> Data for the task
•••

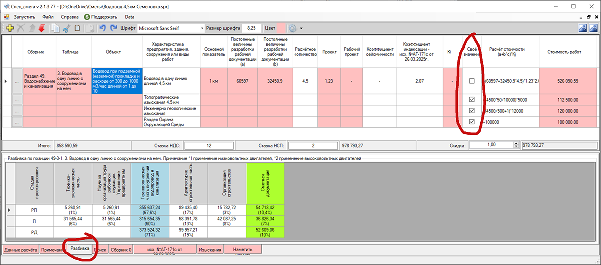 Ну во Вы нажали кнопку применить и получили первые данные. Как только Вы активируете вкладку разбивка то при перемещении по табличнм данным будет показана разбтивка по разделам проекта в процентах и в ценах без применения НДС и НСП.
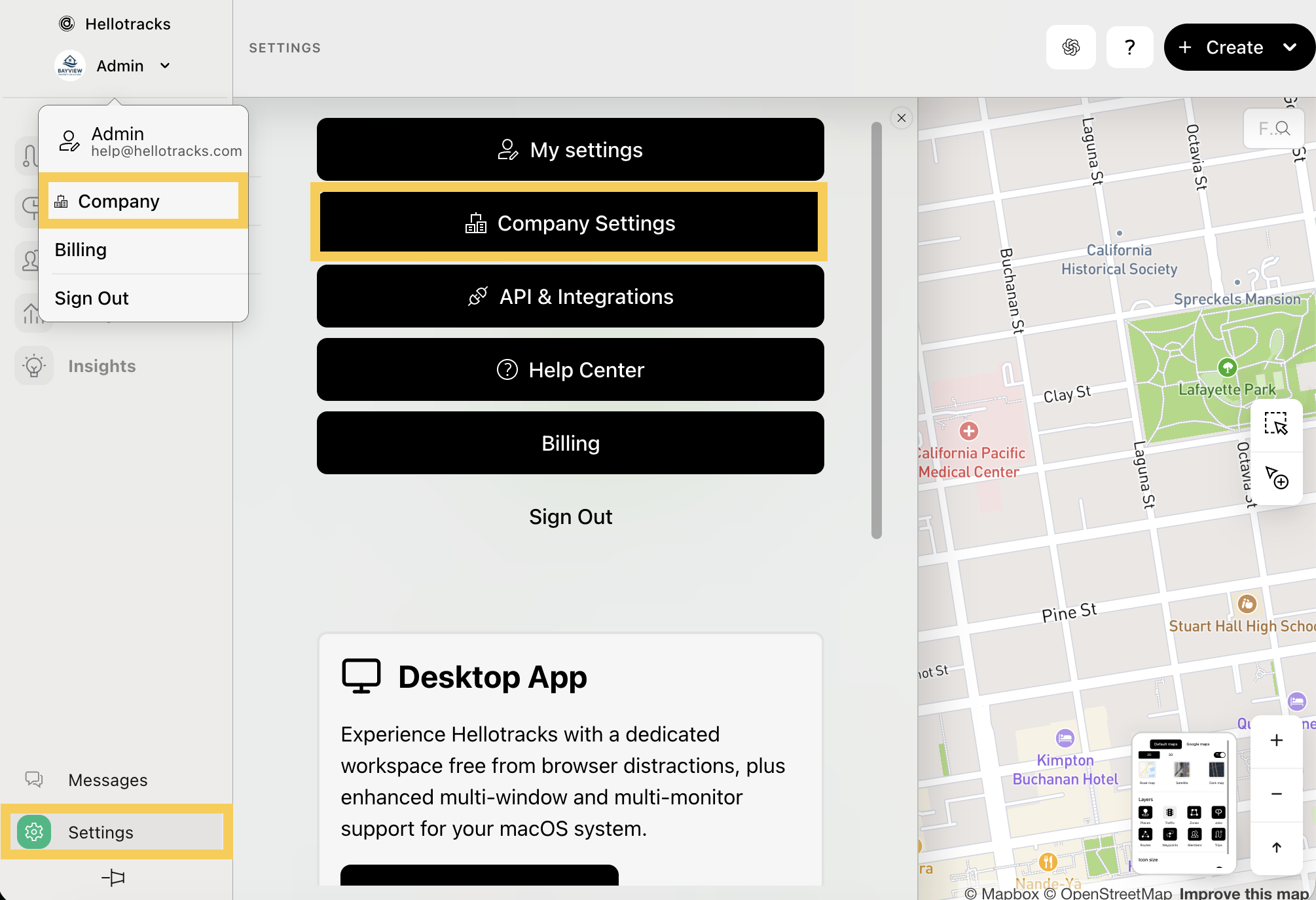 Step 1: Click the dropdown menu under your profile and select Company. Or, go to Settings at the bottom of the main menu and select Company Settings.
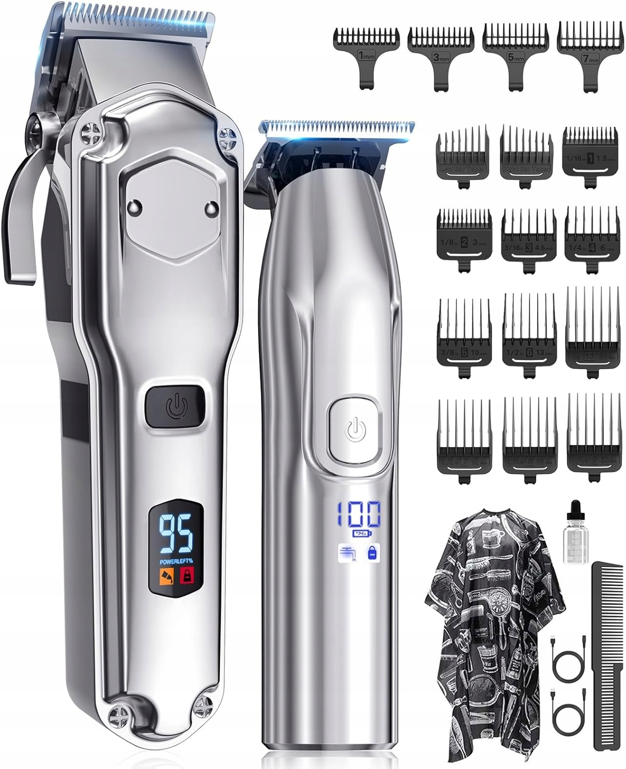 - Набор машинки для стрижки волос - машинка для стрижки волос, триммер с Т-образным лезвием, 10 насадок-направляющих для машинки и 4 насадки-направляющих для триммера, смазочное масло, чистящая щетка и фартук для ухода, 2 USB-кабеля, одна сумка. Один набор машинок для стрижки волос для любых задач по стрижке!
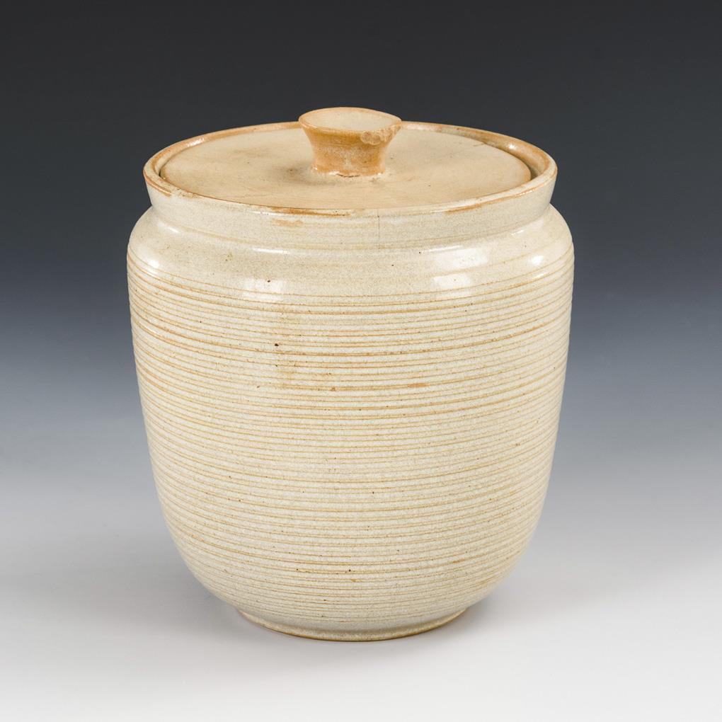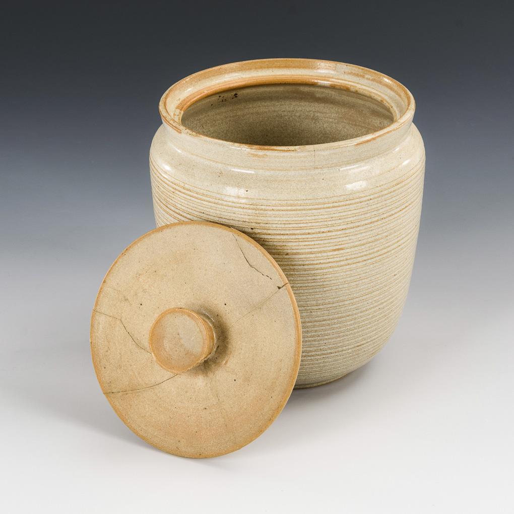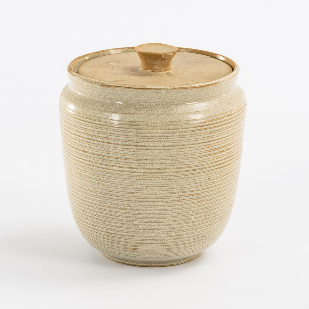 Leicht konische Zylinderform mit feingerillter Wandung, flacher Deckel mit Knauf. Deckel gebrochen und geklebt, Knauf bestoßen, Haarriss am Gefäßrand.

•••

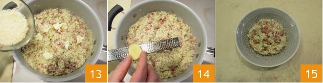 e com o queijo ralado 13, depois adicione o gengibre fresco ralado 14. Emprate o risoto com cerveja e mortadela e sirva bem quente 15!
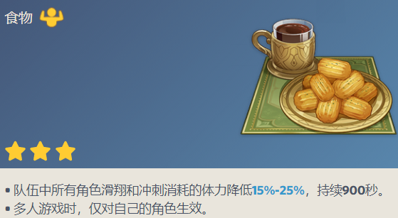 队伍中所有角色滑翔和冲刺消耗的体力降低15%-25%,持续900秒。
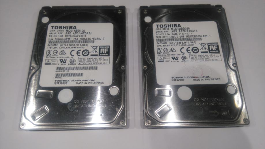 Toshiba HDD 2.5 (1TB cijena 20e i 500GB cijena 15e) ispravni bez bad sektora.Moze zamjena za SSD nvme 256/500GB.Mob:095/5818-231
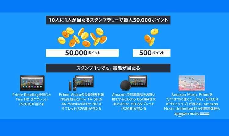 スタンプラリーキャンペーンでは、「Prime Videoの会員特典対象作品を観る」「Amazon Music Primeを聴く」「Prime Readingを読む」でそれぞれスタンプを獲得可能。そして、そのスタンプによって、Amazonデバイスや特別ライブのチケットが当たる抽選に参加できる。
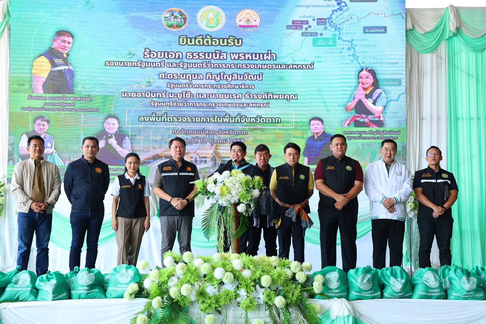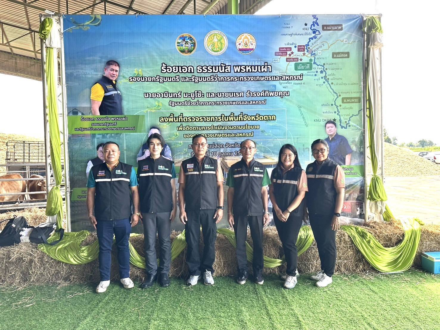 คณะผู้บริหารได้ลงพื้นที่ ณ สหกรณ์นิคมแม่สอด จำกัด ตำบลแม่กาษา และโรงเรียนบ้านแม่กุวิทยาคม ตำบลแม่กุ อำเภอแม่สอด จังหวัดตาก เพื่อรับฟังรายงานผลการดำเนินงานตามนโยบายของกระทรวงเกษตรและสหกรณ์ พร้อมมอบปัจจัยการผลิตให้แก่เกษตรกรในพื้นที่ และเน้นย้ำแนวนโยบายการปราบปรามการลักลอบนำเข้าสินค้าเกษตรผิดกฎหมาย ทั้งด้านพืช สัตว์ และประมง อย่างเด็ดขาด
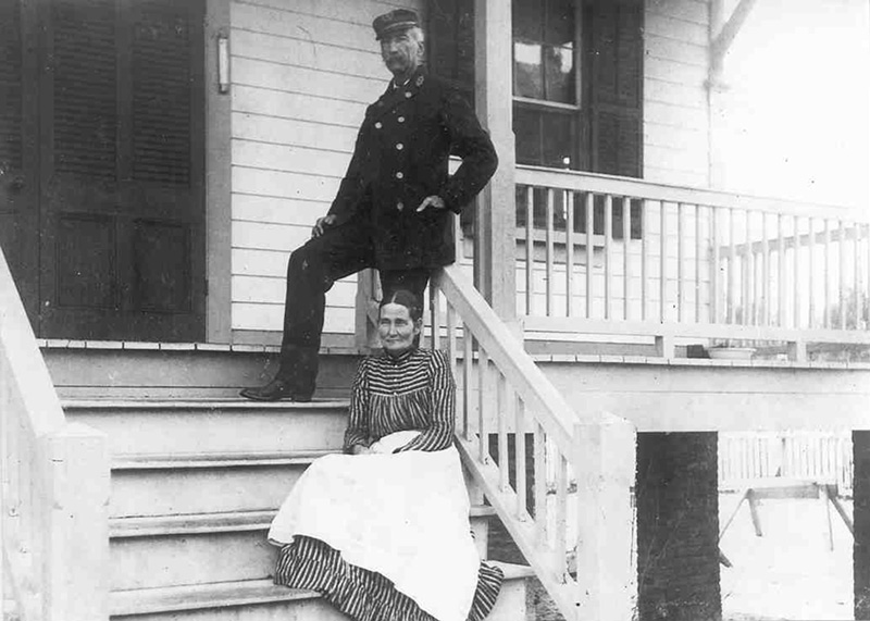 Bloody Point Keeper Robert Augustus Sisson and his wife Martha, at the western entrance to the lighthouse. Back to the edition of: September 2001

•••

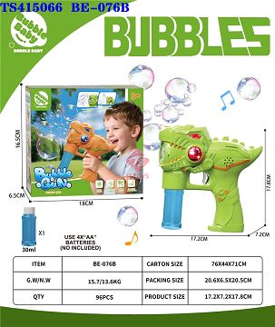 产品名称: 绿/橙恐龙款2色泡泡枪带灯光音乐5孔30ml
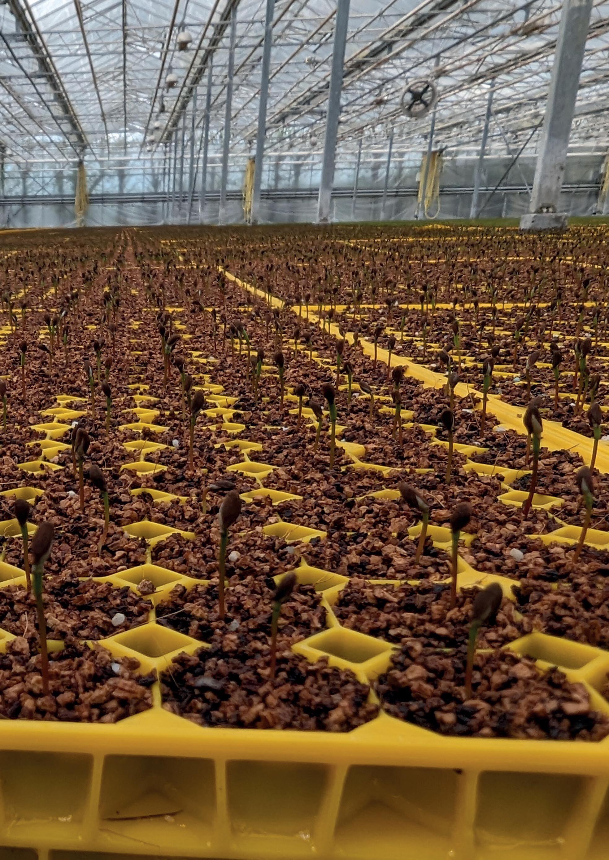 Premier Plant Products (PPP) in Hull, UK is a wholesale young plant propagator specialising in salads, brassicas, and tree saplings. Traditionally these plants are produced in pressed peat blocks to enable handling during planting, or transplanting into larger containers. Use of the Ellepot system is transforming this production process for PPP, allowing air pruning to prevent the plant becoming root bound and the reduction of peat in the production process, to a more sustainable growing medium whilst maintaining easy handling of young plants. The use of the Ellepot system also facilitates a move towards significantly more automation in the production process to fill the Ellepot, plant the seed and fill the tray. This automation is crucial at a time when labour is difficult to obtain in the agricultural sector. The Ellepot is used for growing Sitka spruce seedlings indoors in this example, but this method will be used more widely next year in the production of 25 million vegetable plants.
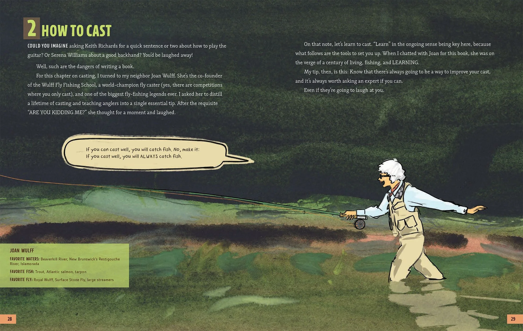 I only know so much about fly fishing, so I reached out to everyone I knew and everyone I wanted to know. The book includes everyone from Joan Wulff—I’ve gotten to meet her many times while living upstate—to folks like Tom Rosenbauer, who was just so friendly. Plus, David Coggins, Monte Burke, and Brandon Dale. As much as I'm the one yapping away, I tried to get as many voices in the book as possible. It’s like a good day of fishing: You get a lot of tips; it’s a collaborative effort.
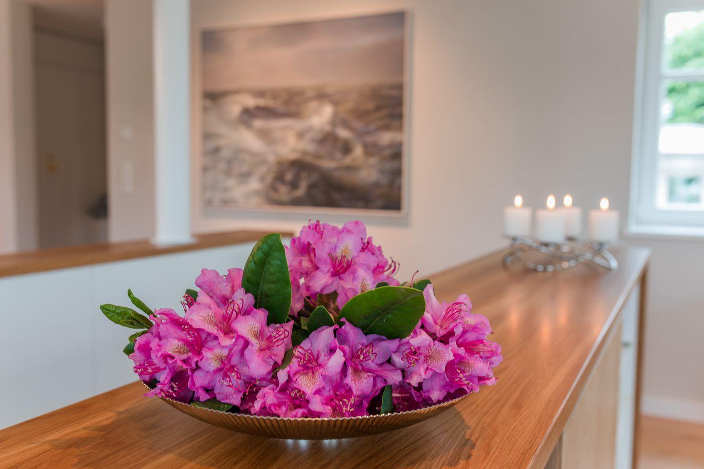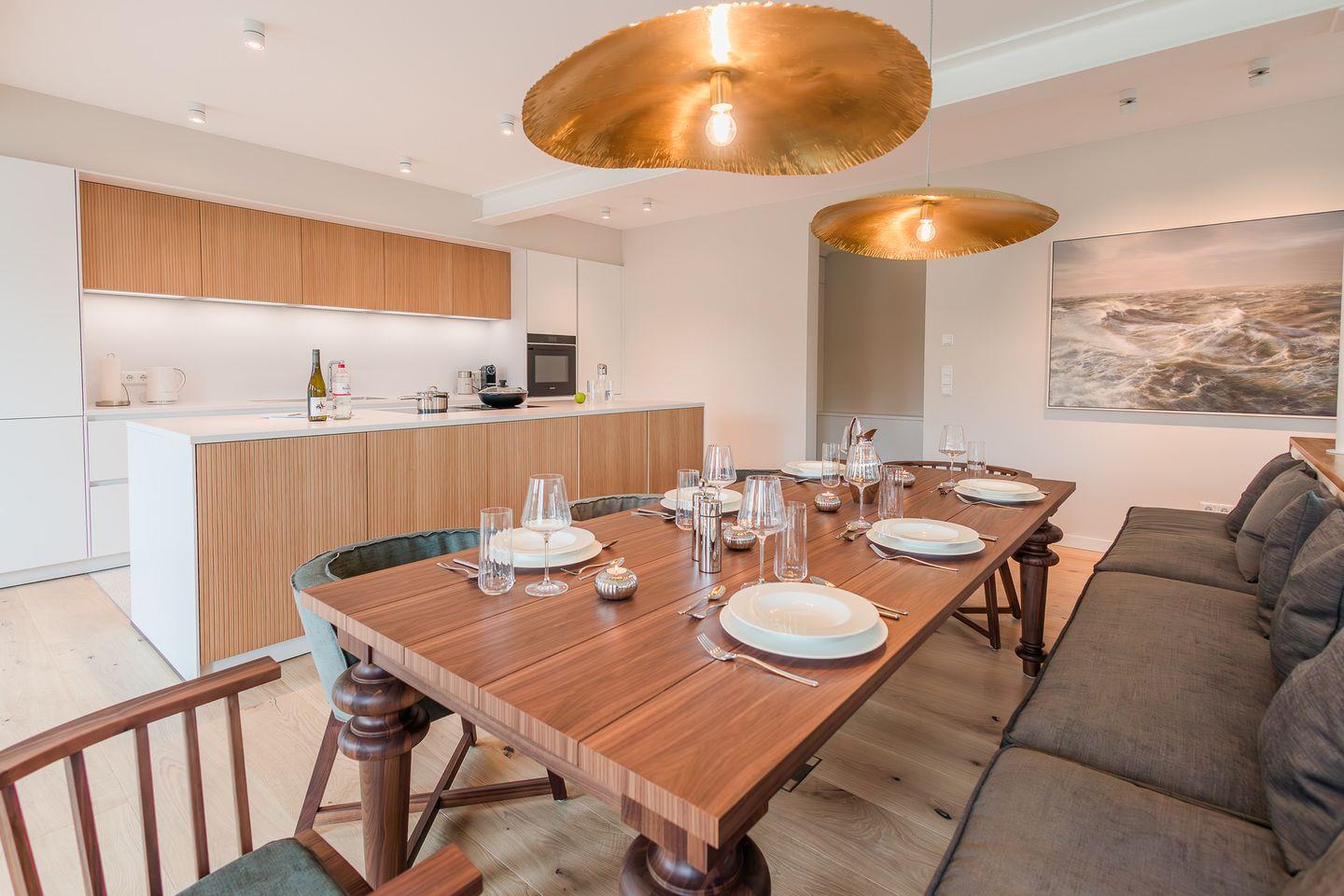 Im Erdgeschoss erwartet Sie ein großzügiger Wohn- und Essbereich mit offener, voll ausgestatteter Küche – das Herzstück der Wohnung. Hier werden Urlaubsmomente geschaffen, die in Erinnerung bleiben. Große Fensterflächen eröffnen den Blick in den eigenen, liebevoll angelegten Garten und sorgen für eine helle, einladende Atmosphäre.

•••

> Description of the task
Go to the line above that contains "スタンプラリーキャンペーンでは、「Prime Videoの会員特典対象作品を観る」「Amazon Music" and reproduce everything exactly from there through the line that contains "Bloody Point Keeper", leaving out the pictures.

> Output of the exercise
 スタンプラリーキャンペーンでは、「Prime Videoの会員特典対象作品を観る」「Amazon Music Primeを聴く」「Prime Readingを読む」でそれぞれスタンプを獲得可能。そして、そのスタンプによって、Amazonデバイスや特別ライブのチケットが当たる抽選に参加できる。
 คณะผู้บริหารได้ลงพื้นที่ ณ สหกรณ์นิคมแม่สอด จำกัด ตำบลแม่กาษา และโรงเรียนบ้านแม่กุวิทยาคม ตำบลแม่กุ อำเภอแม่สอด จังหวัดตาก เพื่อรับฟังรายงานผลการดำเนินงานตามนโยบายของกระทรวงเกษตรและสหกรณ์ พร้อมมอบปัจจัยการผลิตให้แก่เกษตรกรในพื้นที่ และเน้นย้ำแนวนโยบายการปราบปรามการลักลอบนำเข้าสินค้าเกษตรผิดกฎหมาย ทั้งด้านพืช สัตว์ และประมง อย่างเด็ดขาด
 Bloody Point Keeper Robert Augustus Sisson and his wife Martha, at the western entrance to the lighthouse. Back to the edition of: September 2001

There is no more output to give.